Listed records —
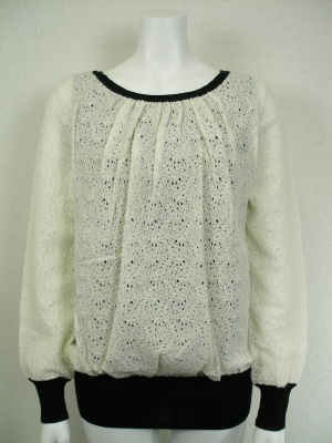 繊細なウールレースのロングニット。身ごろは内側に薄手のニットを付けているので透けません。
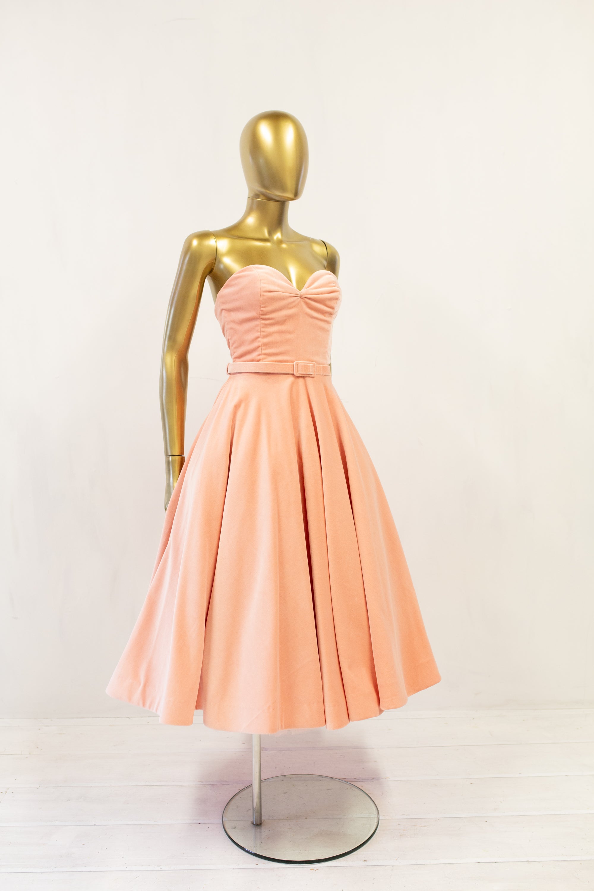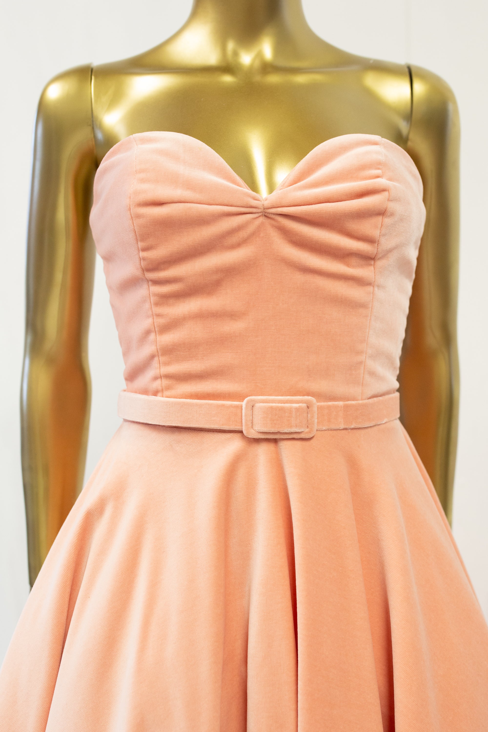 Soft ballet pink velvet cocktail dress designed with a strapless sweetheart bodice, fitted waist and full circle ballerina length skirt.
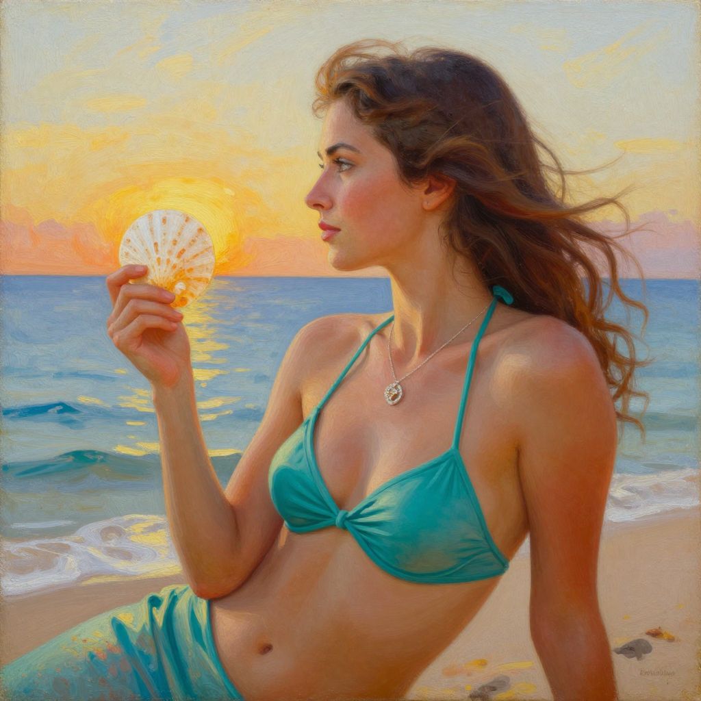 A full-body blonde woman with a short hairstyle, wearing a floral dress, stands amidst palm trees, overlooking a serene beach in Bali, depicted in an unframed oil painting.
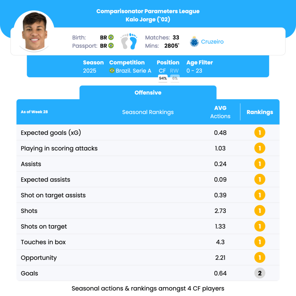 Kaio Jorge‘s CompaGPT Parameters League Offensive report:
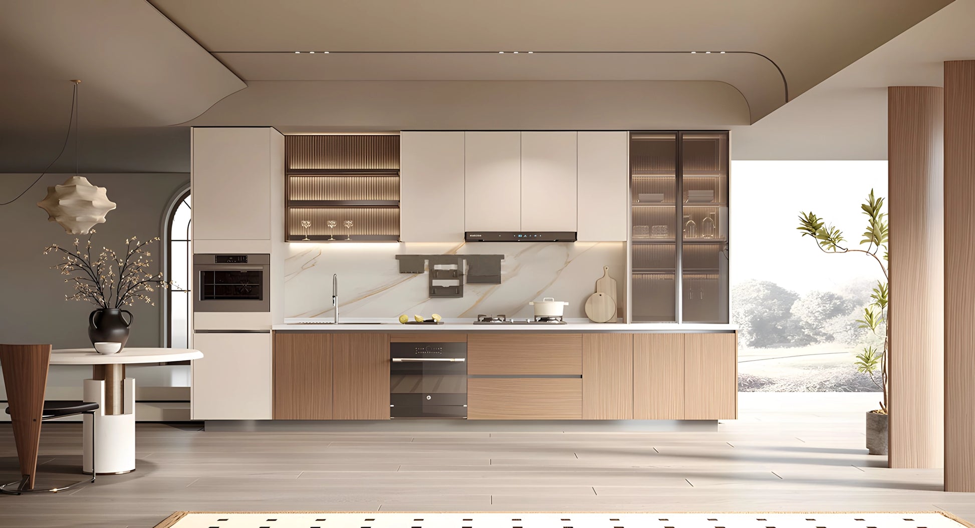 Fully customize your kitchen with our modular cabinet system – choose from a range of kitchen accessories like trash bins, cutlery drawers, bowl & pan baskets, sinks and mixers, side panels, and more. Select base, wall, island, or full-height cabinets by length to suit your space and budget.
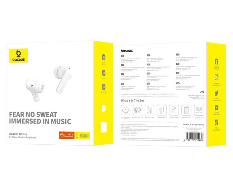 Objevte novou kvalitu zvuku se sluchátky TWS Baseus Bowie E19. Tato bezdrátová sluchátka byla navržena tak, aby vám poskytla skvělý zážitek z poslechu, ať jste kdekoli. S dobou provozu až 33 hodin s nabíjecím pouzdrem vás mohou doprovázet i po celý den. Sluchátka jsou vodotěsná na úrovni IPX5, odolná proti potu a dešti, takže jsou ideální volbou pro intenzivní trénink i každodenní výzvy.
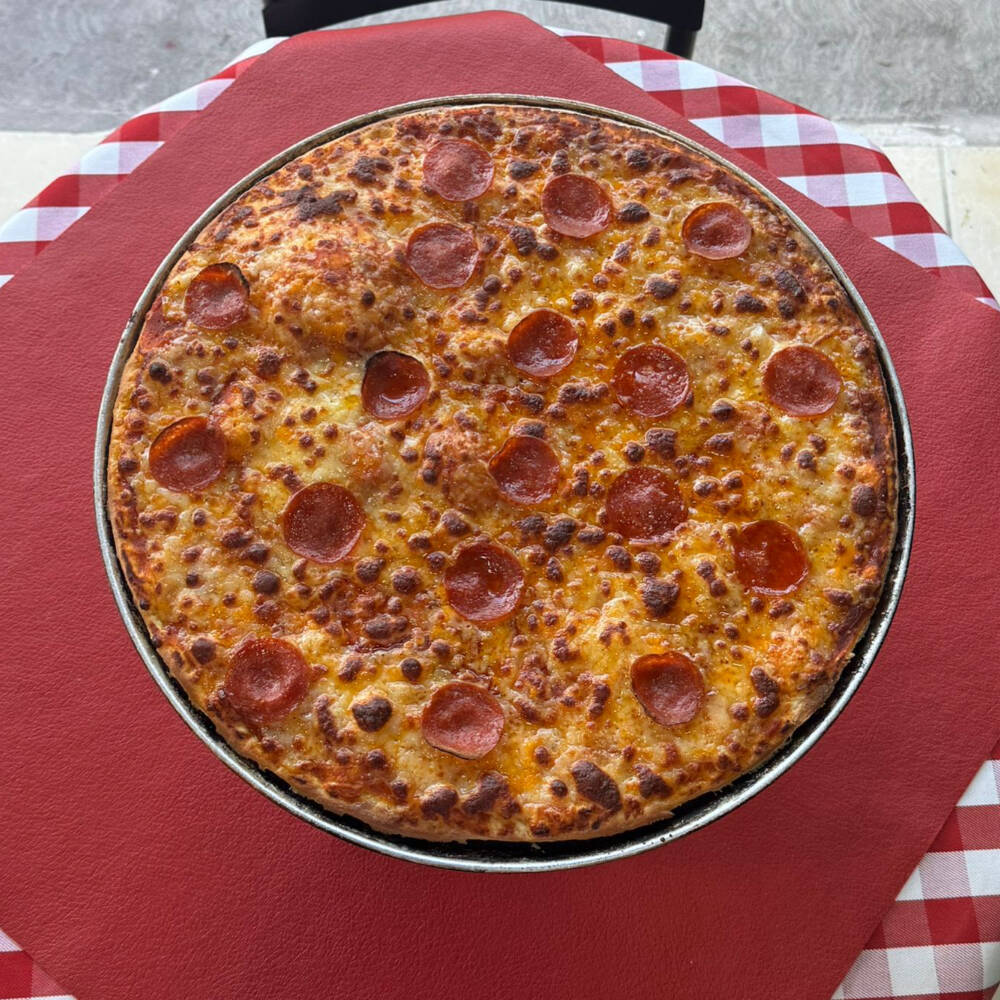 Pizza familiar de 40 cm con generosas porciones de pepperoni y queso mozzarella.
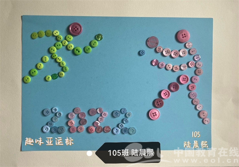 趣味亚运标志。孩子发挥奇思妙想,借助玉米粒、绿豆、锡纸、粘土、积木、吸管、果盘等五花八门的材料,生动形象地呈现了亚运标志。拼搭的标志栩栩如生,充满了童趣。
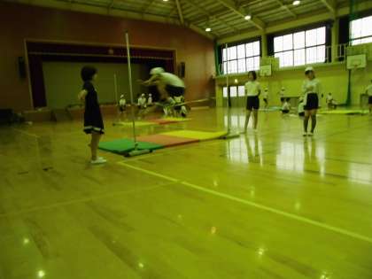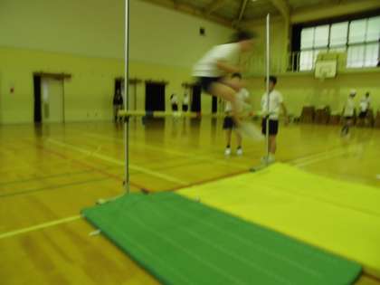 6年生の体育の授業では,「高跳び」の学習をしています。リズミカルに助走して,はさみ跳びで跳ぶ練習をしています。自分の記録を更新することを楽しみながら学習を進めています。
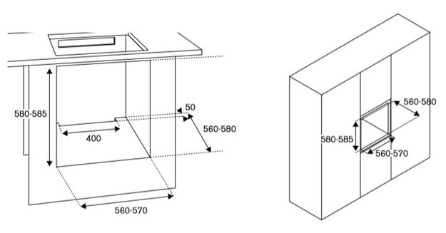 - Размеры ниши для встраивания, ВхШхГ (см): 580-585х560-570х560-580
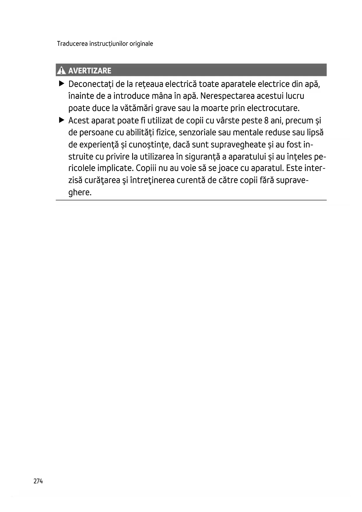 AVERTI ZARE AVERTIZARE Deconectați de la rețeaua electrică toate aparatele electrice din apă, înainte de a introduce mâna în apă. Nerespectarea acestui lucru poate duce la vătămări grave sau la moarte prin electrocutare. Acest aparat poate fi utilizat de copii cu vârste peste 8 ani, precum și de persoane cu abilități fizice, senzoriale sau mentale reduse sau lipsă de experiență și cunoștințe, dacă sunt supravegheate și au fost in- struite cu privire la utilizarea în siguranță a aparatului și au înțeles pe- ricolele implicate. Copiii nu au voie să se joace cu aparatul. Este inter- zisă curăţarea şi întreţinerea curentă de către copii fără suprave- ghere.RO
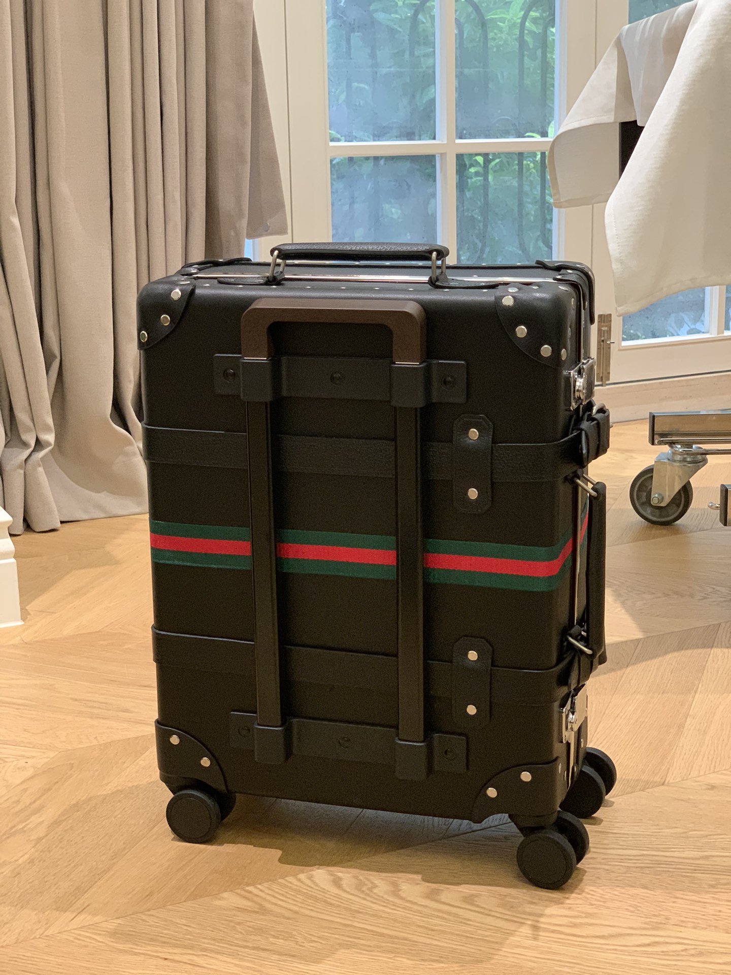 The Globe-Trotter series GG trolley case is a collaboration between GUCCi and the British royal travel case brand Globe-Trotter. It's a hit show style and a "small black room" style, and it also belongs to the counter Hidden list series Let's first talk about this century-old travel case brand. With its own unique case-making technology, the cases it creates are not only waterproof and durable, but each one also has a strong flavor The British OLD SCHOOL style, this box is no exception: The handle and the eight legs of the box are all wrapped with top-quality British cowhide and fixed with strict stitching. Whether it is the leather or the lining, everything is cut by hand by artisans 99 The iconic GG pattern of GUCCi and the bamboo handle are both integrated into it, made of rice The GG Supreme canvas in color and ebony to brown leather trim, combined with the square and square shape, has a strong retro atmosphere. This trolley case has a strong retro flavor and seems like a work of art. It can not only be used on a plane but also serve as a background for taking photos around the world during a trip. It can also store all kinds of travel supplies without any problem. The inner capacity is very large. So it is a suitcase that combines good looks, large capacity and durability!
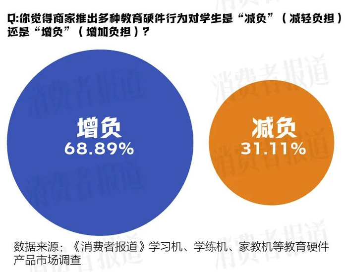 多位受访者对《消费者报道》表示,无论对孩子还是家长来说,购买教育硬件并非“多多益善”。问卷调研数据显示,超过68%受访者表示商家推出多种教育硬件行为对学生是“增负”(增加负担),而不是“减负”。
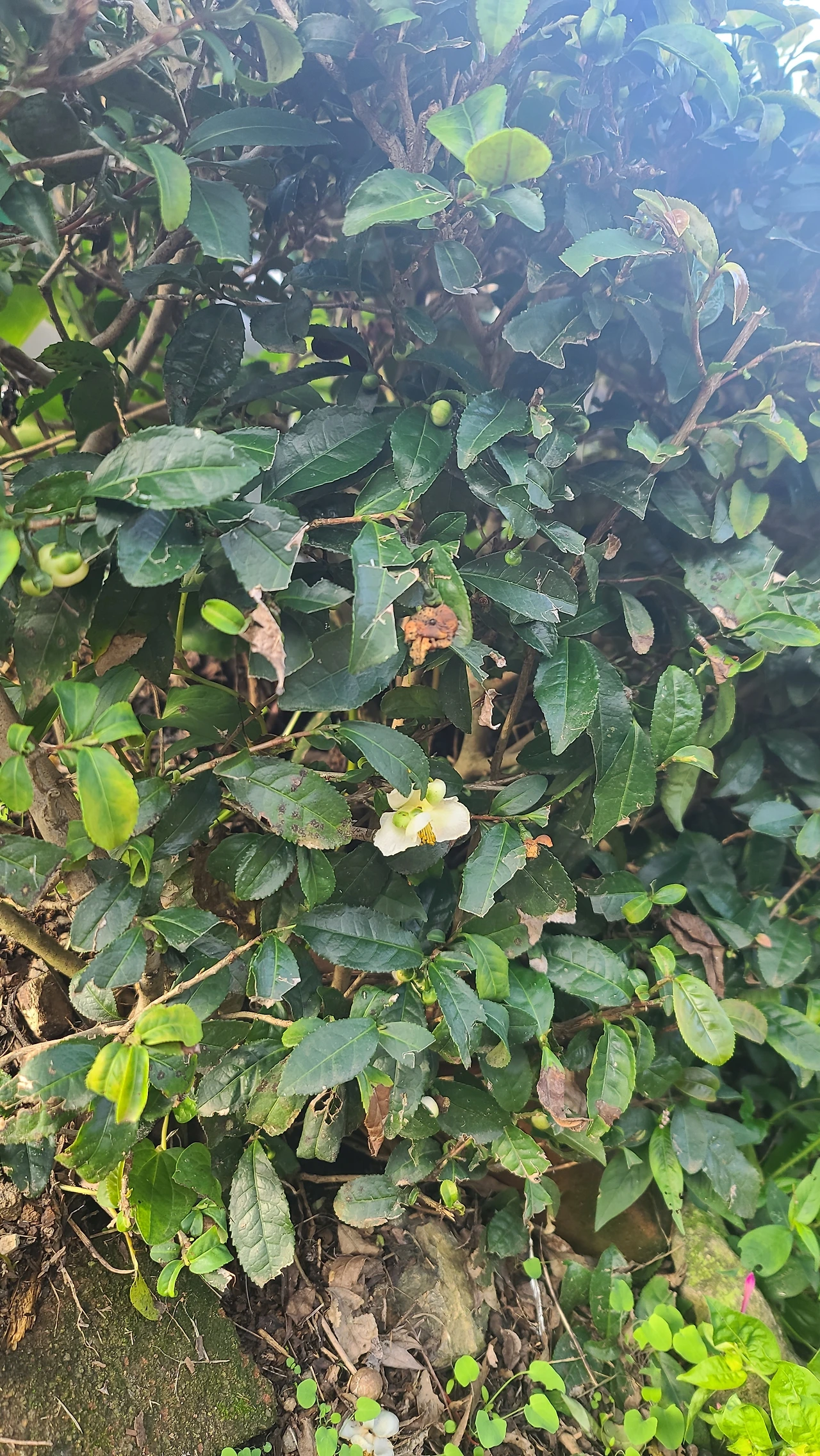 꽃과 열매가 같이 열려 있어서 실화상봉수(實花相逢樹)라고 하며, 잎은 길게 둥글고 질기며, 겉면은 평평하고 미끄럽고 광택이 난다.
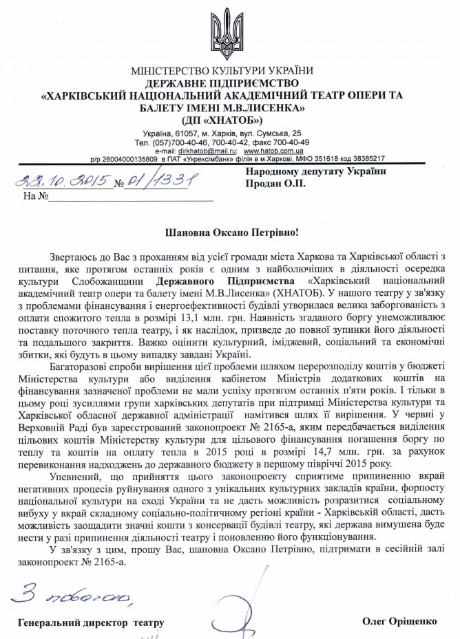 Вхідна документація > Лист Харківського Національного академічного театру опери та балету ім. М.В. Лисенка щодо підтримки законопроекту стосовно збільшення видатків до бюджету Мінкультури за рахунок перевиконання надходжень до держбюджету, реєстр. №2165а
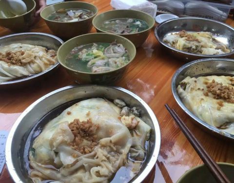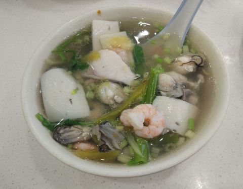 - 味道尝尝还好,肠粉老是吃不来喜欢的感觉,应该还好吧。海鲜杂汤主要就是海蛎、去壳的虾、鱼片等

What is needed — What is needed is every record above, returned exactly, with the pictures omitted.

Solution for this exercise —
 繊細なウールレースのロングニット。身ごろは内側に薄手のニットを付けているので透けません。
 Soft ballet pink velvet cocktail dress designed with a strapless sweetheart bodice, fitted waist and full circle ballerina length skirt.
 A full-body blonde woman with a short hairstyle, wearing a floral dress, stands amidst palm trees, overlooking a serene beach in Bali, depicted in an unframed oil painting.
 Kaio Jorge‘s CompaGPT Parameters League Offensive report:
 Fully customize your kitchen with our modular cabinet system – choose from a range of kitchen accessories like trash bins, cutlery drawers, bowl & pan baskets, sinks and mixers, side panels, and more. Select base, wall, island, or full-height cabinets by length to suit your space and budget.
 Objevte novou kvalitu zvuku se sluchátky TWS Baseus Bowie E19. Tato bezdrátová sluchátka byla navržena tak, aby vám poskytla skvělý zážitek z poslechu, ať jste kdekoli. S dobou provozu až 33 hodin s nabíjecím pouzdrem vás mohou doprovázet i po celý den. Sluchátka jsou vodotěsná na úrovni IPX5, odolná proti potu a dešti, takže jsou ideální volbou pro intenzivní trénink i každodenní výzvy.
 Pizza familiar de 40 cm con generosas porciones de pepperoni y queso mozzarella.
 趣味亚运标志。孩子发挥奇思妙想,借助玉米粒、绿豆、锡纸、粘土、积木、吸管、果盘等五花八门的材料,生动形象地呈现了亚运标志。拼搭的标志栩栩如生,充满了童趣。
 6年生の体育の授業では,「高跳び」の学習をしています。リズミカルに助走して,はさみ跳びで跳ぶ練習をしています。自分の記録を更新することを楽しみながら学習を進めています。
 - Размеры ниши для встраивания, ВхШхГ (см): 580-585х560-570х560-580
 AVERTI ZARE AVERTIZARE Deconectați de la rețeaua electrică toate aparatele electrice din apă, înainte de a introduce mâna în apă. Nerespectarea acestui lucru poate duce la vătămări grave sau la moarte prin electrocutare. Acest aparat poate fi utilizat de copii cu vârste peste 8 ani, precum și de persoane cu abilități fizice, senzoriale sau mentale reduse sau lipsă de experiență și cunoștințe, dacă sunt supravegheate și au fost in- struite cu privire la utilizarea în siguranță a aparatului și au înțeles pe- ricolele implicate. Copiii nu au voie să se joace cu aparatul. Este inter- zisă curăţarea şi întreţinerea curentă de către copii fără suprave- ghere.RO
 The Globe-Trotter series GG trolley case is a collaboration between GUCCi and the British royal travel case brand Globe-Trotter. It's a hit show style and a "small black room" style, and it also belongs to the counter Hidden list series Let's first talk about this century-old travel case brand. With its own unique case-making technology, the cases it creates are not only waterproof and durable, but each one also has a strong flavor The British OLD SCHOOL style, this box is no exception: The handle and the eight legs of the box are all wrapped with top-quality British cowhide and fixed with strict stitching. Whether it is the leather or the lining, everything is cut by hand by artisans 99 The iconic GG pattern of GUCCi and the bamboo handle are both integrated into it, made of rice The GG Supreme canvas in color and ebony to brown leather trim, combined with the square and square shape, has a strong retro atmosphere. This trolley case has a strong retro flavor and seems like a work of art. It can not only be used on a plane but also serve as a background for taking photos around the world during a trip. It can also store all kinds of travel supplies without any problem. The inner capacity is very large. So it is a suitcase that combines good looks, large capacity and durability!
 多位受访者对《消费者报道》表示,无论对孩子还是家长来说,购买教育硬件并非“多多益善”。问卷调研数据显示,超过68%受访者表示商家推出多种教育硬件行为对学生是“增负”(增加负担),而不是“减负”。
 꽃과 열매가 같이 열려 있어서 실화상봉수(實花相逢樹)라고 하며, 잎은 길게 둥글고 질기며, 겉면은 평평하고 미끄럽고 광택이 난다.
 Вхідна документація > Лист Харківського Національного академічного театру опери та балету ім. М.В. Лисенка щодо підтримки законопроекту стосовно збільшення видатків до бюджету Мінкультури за рахунок перевиконання надходжень до держбюджету, реєстр. №2165а
 - 味道尝尝还好,肠粉老是吃不来喜欢的感觉,应该还好吧。海鲜杂汤主要就是海蛎、去壳的虾、鱼片等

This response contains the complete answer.